Extracted records
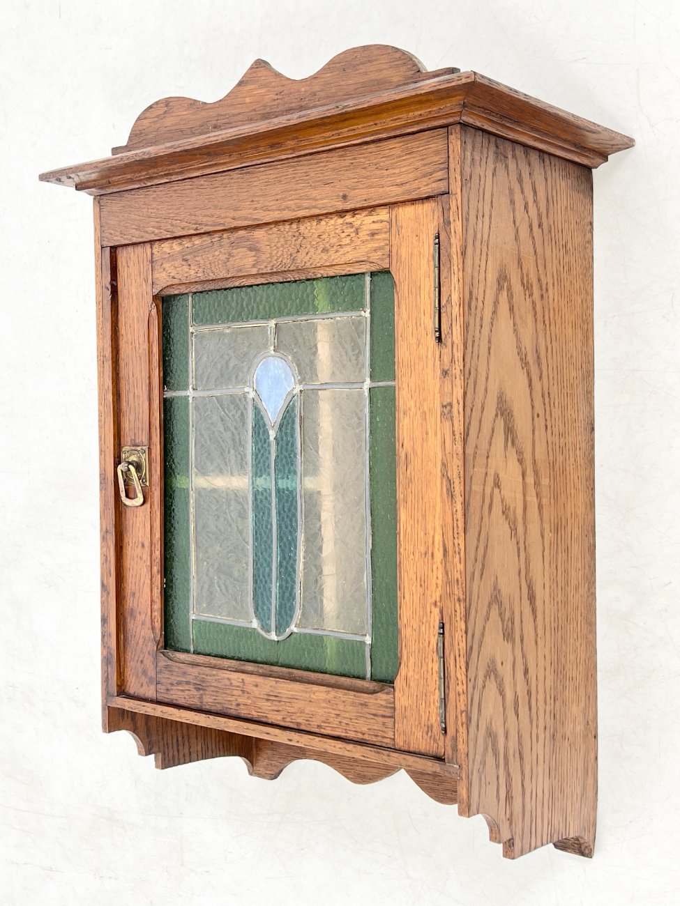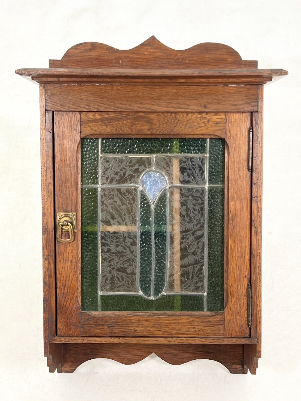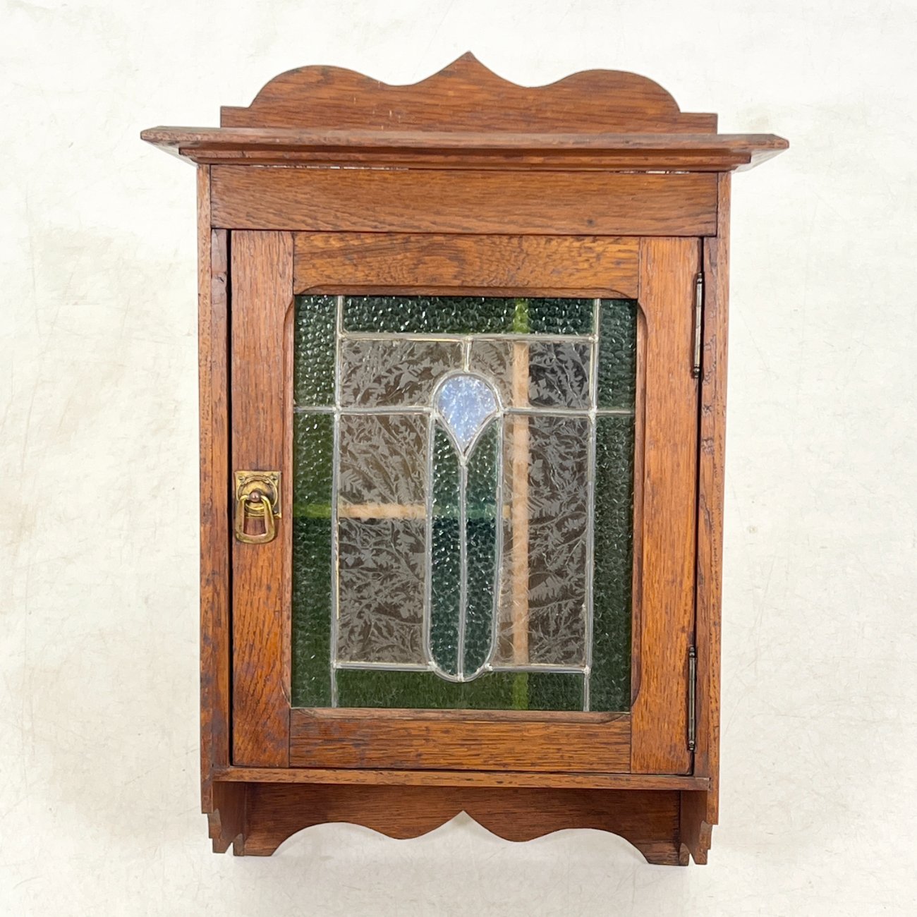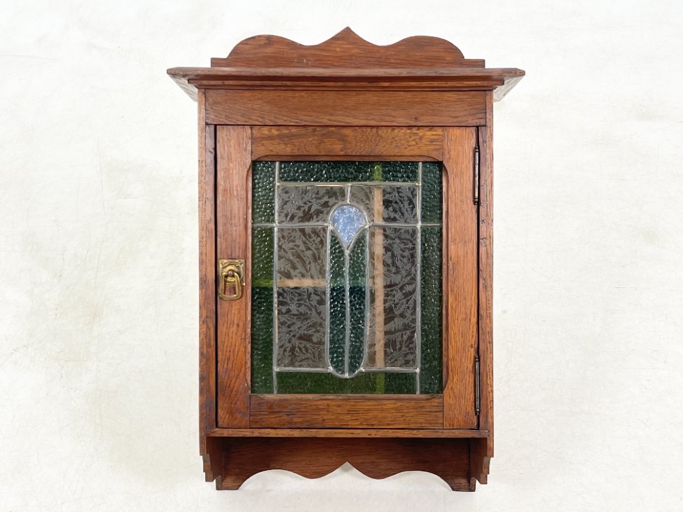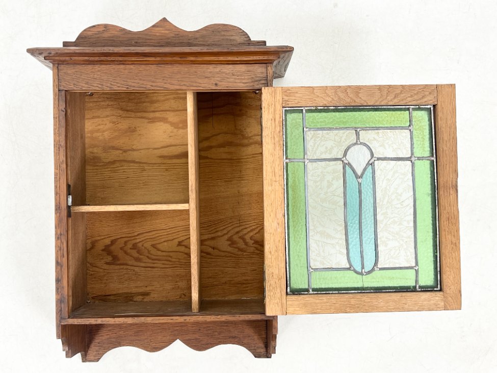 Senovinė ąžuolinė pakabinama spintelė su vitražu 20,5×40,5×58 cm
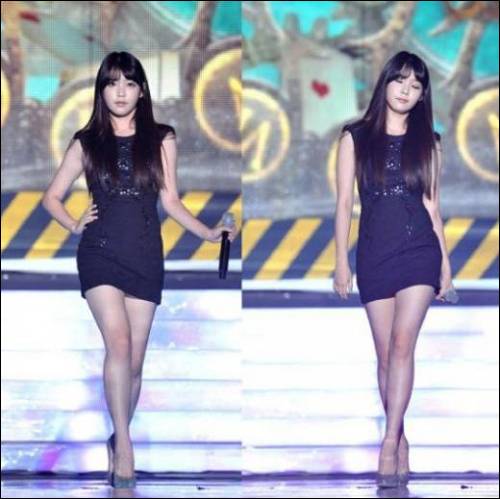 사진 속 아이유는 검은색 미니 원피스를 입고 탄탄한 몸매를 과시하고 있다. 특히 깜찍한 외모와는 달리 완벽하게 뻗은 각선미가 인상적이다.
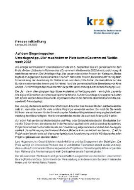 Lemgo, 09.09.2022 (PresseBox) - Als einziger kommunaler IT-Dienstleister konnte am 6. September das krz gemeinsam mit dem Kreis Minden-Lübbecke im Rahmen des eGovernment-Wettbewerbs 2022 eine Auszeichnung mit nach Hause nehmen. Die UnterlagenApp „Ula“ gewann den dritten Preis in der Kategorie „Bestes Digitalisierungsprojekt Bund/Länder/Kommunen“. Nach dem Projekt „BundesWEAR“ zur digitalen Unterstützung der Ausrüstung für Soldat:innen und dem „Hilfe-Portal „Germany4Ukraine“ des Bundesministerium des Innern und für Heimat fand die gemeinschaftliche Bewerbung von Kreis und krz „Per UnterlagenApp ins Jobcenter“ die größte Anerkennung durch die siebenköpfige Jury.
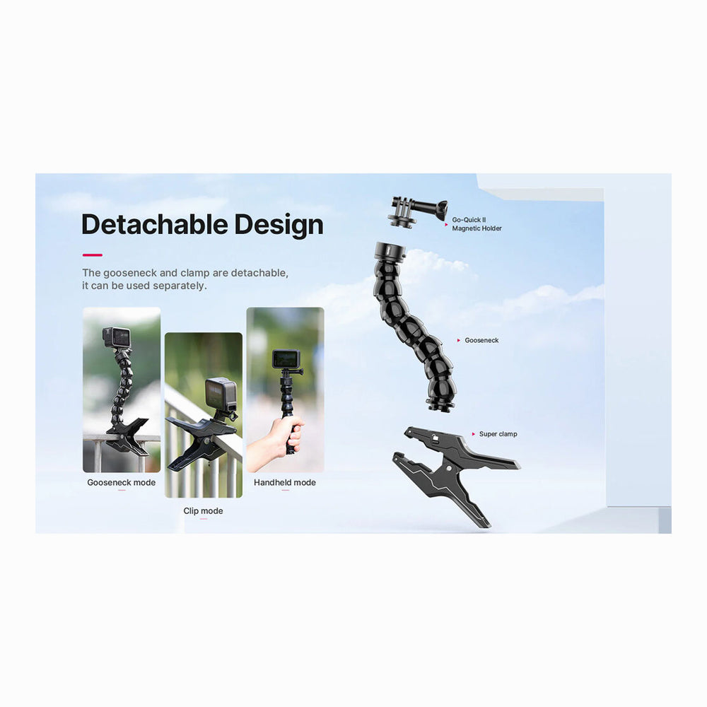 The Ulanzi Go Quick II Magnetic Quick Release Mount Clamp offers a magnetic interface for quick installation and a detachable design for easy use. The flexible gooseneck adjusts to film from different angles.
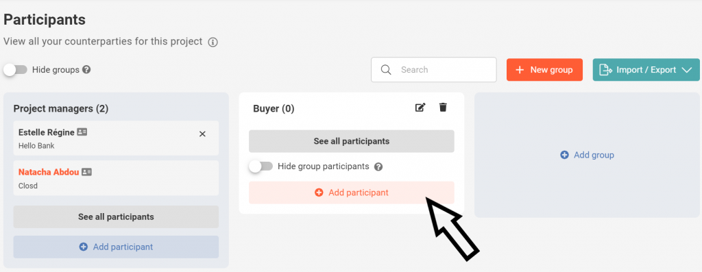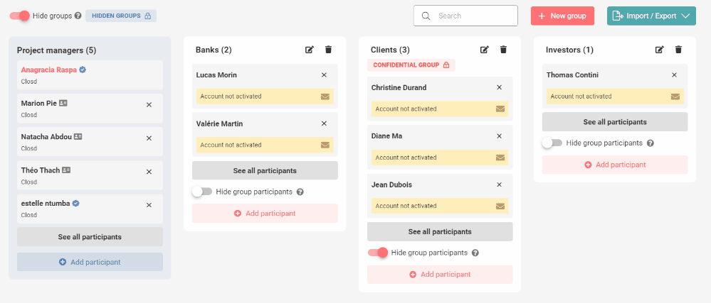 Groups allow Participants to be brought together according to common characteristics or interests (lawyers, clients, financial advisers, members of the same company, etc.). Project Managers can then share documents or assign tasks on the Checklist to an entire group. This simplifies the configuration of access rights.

Problem: With pictures left out, repeat exactly the lines from the one containing "Lemgo, 09.09.2022 (PresseBox)" through the last line of the data above, inclusive, and nothing else.

Written solution:
 Lemgo, 09.09.2022 (PresseBox) - Als einziger kommunaler IT-Dienstleister konnte am 6. September das krz gemeinsam mit dem Kreis Minden-Lübbecke im Rahmen des eGovernment-Wettbewerbs 2022 eine Auszeichnung mit nach Hause nehmen. Die UnterlagenApp „Ula“ gewann den dritten Preis in der Kategorie „Bestes Digitalisierungsprojekt Bund/Länder/Kommunen“. Nach dem Projekt „BundesWEAR“ zur digitalen Unterstützung der Ausrüstung für Soldat:innen und dem „Hilfe-Portal „Germany4Ukraine“ des Bundesministerium des Innern und für Heimat fand die gemeinschaftliche Bewerbung von Kreis und krz „Per UnterlagenApp ins Jobcenter“ die größte Anerkennung durch die siebenköpfige Jury.
 The Ulanzi Go Quick II Magnetic Quick Release Mount Clamp offers a magnetic interface for quick installation and a detachable design for easy use. The flexible gooseneck adjusts to film from different angles.
 Groups allow Participants to be brought together according to common characteristics or interests (lawyers, clients, financial advisers, members of the same company, etc.). Project Managers can then share documents or assign tasks on the Checklist to an entire group. This simplifies the configuration of access rights.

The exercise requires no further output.